Beyond attributing liability to specific entities, another primary goal is to cultivate an environment where responsible AI development is a collective responsibility. This collaborative approach is essential for preventing reckless development, deployment and misuse of AI systems and for ensuring timely improvements and adjustments. AI providers must ensure clear communication with deployers regarding the system’s capabilities, limitations and correct usage conditions, ensuring that AI systems are deployed in accordance with their design intentions. When deployers encounter malfunctions or issues stemming from the AI’s design or functionality, they should be able to hold developers accountable for any resulting harm to their operations and affected individuals. Given their proximity to users and affected parties, deployers are uniquely positioned to detect and report specific harms or failures that occur during deployment. Therefore, it is crucial for deployers to have clear and effective mechanisms for providing redress and preventing the recurrence of similar issues. Implementing these collaborative approaches should focus on two key aspects: providing timely and adequate remedies for affected parties and creating a feedback loop for the continuous improvement of AI development and deployment.

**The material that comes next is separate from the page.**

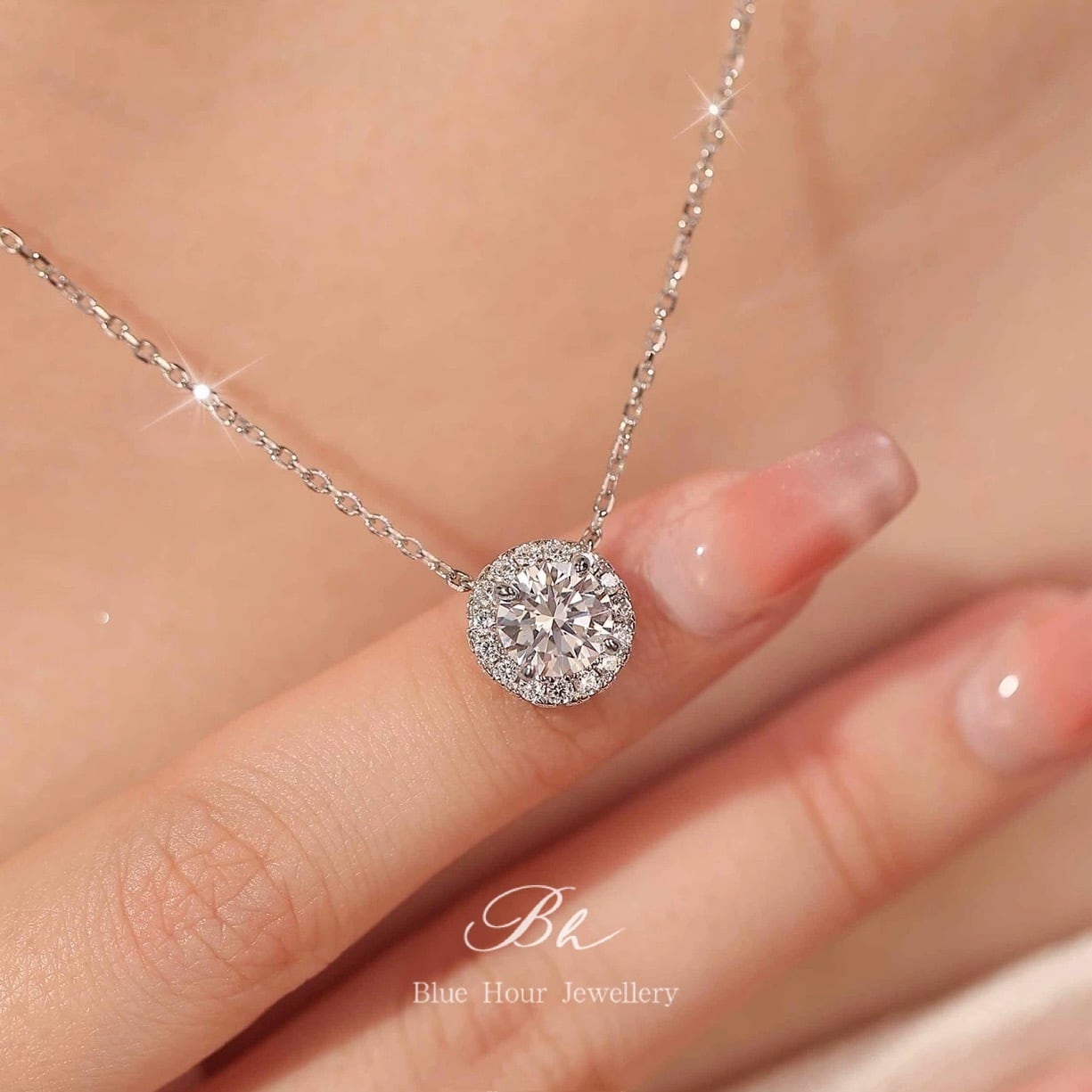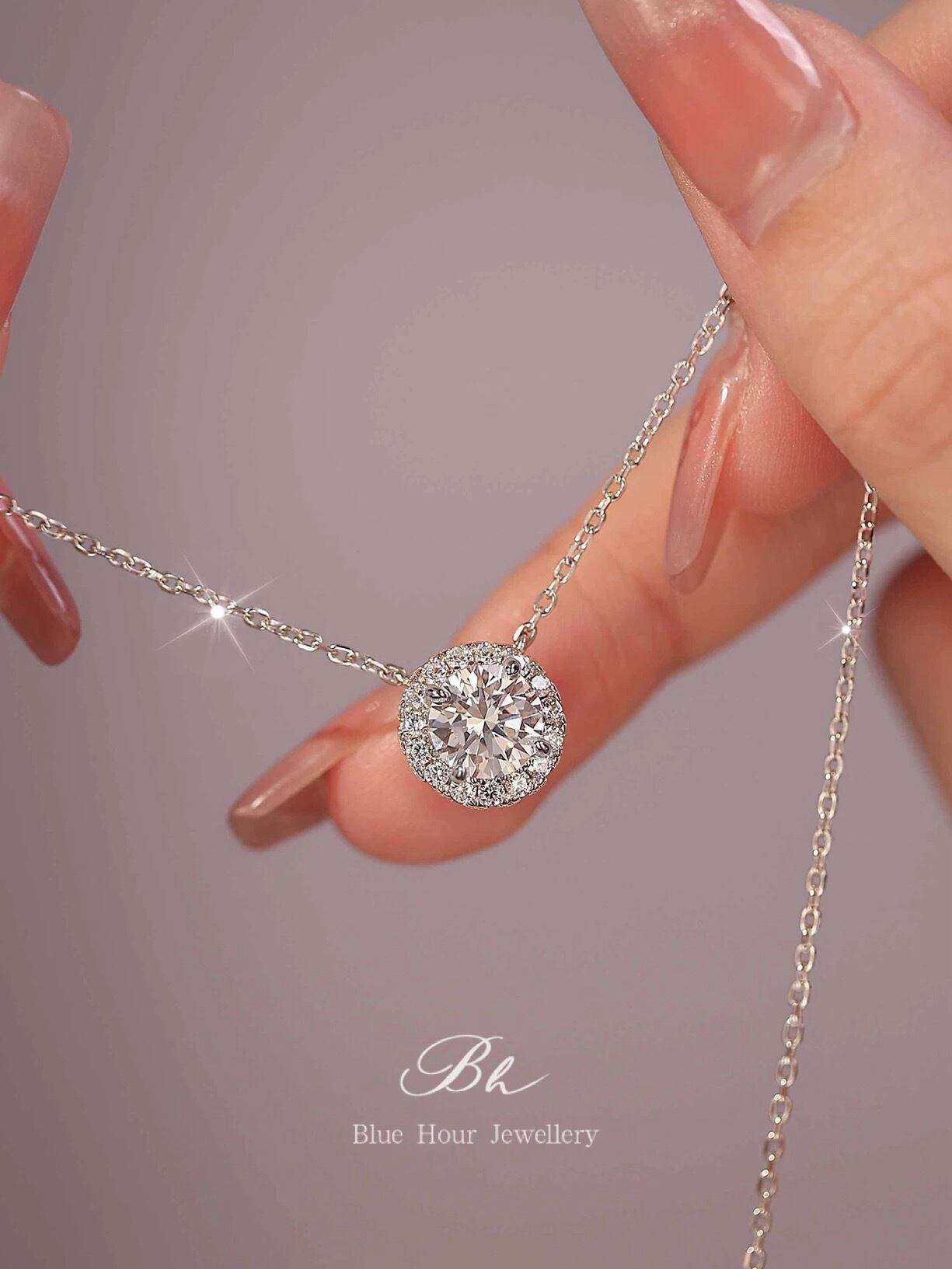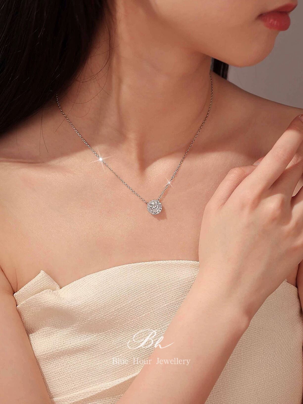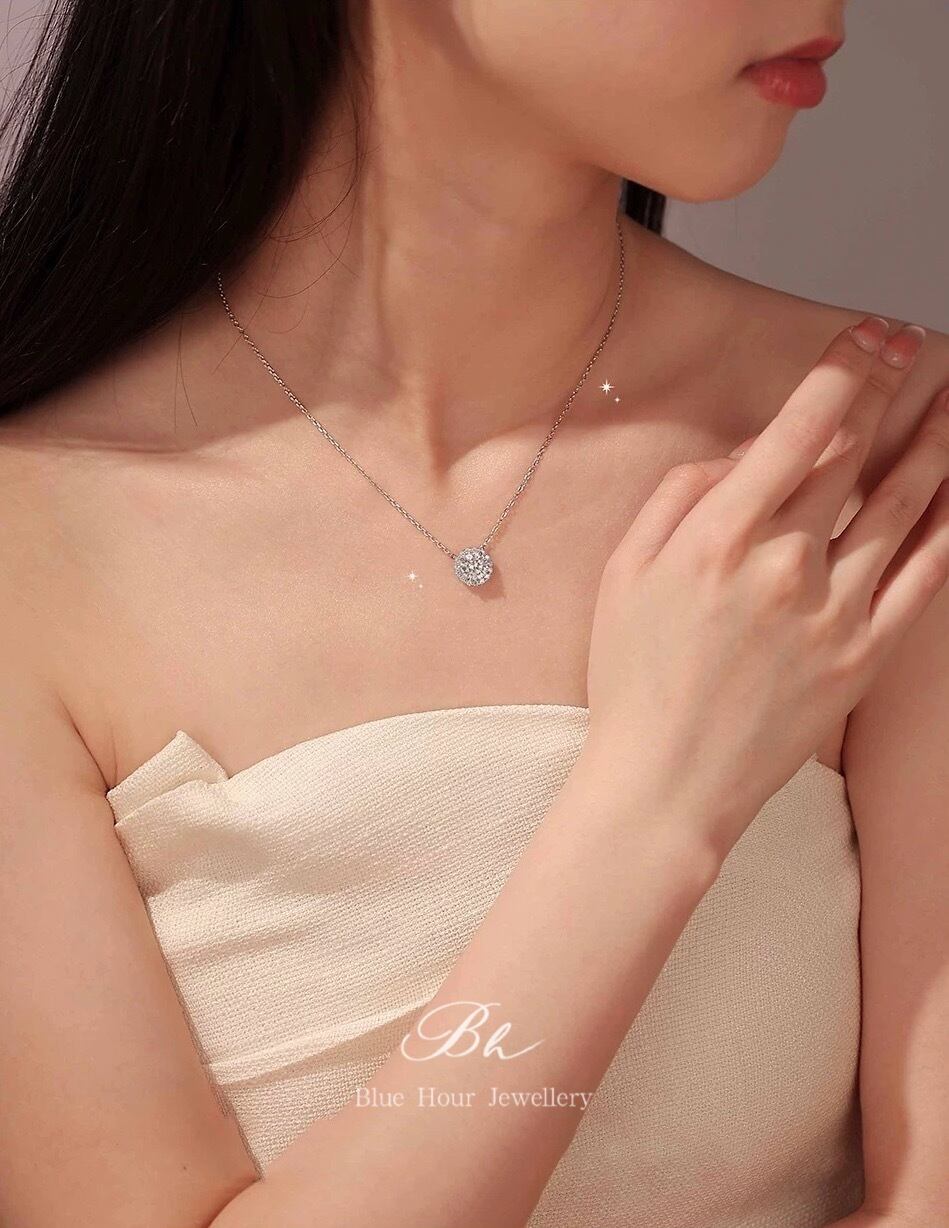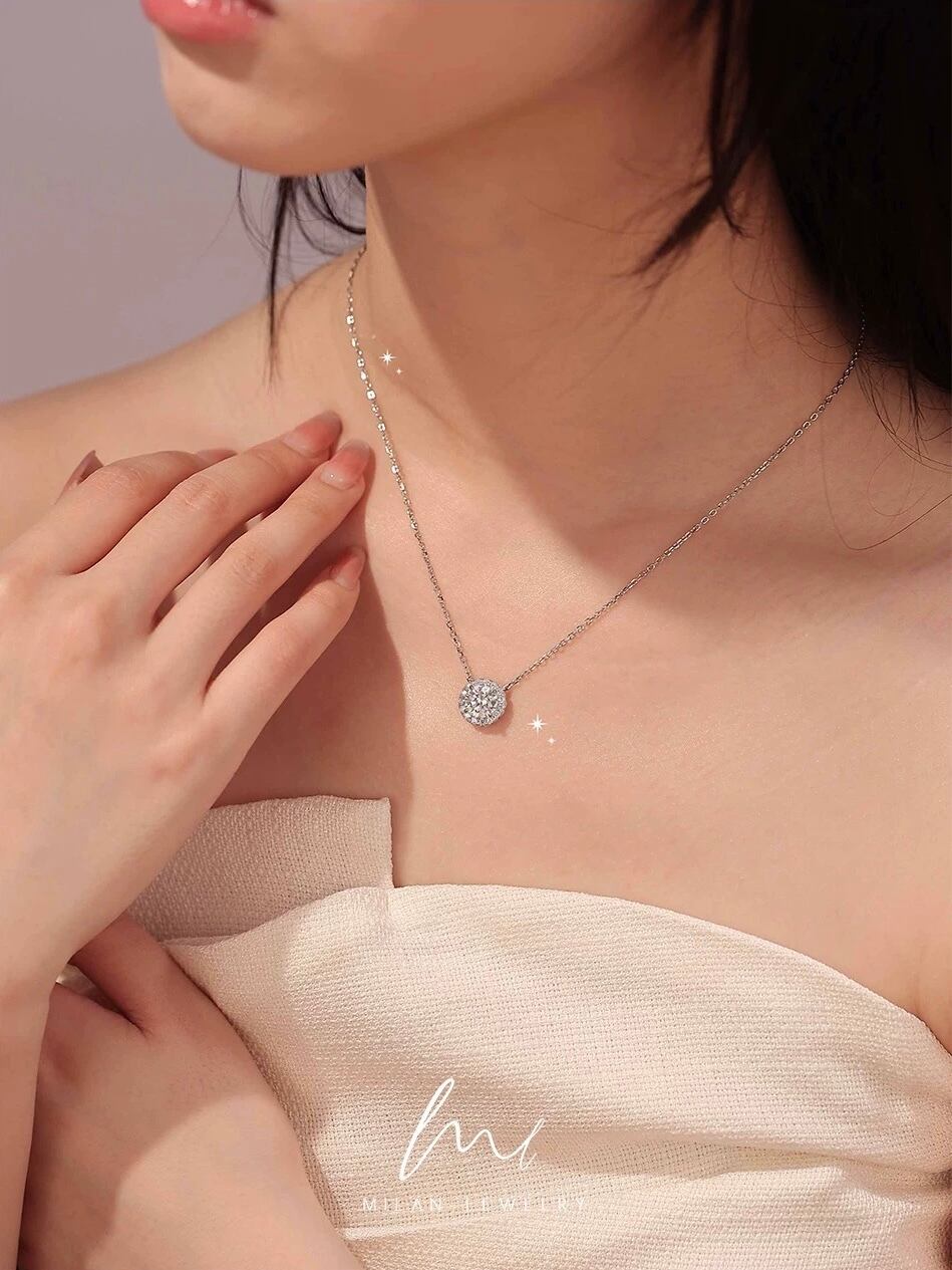 ラウンド 高炭素ダイヤモンド キラキラ ゴージャス ネックレス ハイカーボンダイヤモンド 人工 シルバー925 大人かわいい 大人可愛い シンプル 一粒 ヘイローネックレス 普段使い | Blue Hour Milan

Civil society and independent researchers: It has been acknowledged that seeking redress is often challenging, if not entirely impossible. Those challenges often stem from the technical complexity of AI, complexity in AI business relationships, regulatory hurdles and various legal, practical and procedural barriers (United Nations Human Rights Office of the High Commissioner, 2023c). Civil societies and independent researchers can play a vital role in empowering individuals to effectively navigate these intricacies surrounding redress mechanisms, especially in the realm of AI where affected individuals or communities may have a limited understanding of the complex services they are interacting with (Ogunleye, 2022). In recent years, civil society organizations conducting independent investigations or research have been instrumental in bringing significant public attention to most harmful or biased applications of AI systems (such as the Gender Shades project (Buolamwini and Gebru, 2018) and ProPublica’s Machine Bias project (Julia et al., 2016)). Moreover, civil society organizations, such as consumer advocacy groups, civil right groups and other public interest entities, can play a crucial role in representing harmed groups and facilitating collective redress efforts. For example, in Cambridge Analytica scandal, digital rights groups like Electronic Frontier Foundation played a pivotal role in informing affected users (Gebhart, 2018) and supporting FTC’s class-action lawsuits covering 250–280 million Facebook users to hold the company accountable (Raymond, 2022). By acting as representatives and facilitators for collective redress, these organizations not only amplify the voices of those who might otherwise go unheard but also provide the necessary resources and expertise to navigate complex redress systems, helping to ensure that collective harms are addressed effectively.

In this paper, we argue for the establishment of effective redress mechanisms as critical ex-post measures in AI governance that protect all individuals affected by AI. We highlight that the current landscape’s overemphasis on ex-ante measures leaves impacted individuals without adequate means to rectify their situations. We outline four critical steps to seek redress, along with the challenges faced at each step. Acknowledging the interdisciplinary nature of developing and implementing these mechanisms, we highlight the need for increased collaboration and research across law, social sciences and data science. Access to redress is a fundamental component of access to justice, ensuring that individuals have the opportunity to seek remedies for the wrongs they have suffered. By providing channels for individuals to effectively address harm caused by AI – whether through formal legal processes or informal pathways such as an ombudsman – individual affected can be empowered to hold accountable those responsible for harm. This access not only restores individual rights but also fosters a sense of fairness and trust in AI governance, reinforcing the principle that justice should be accessible to all.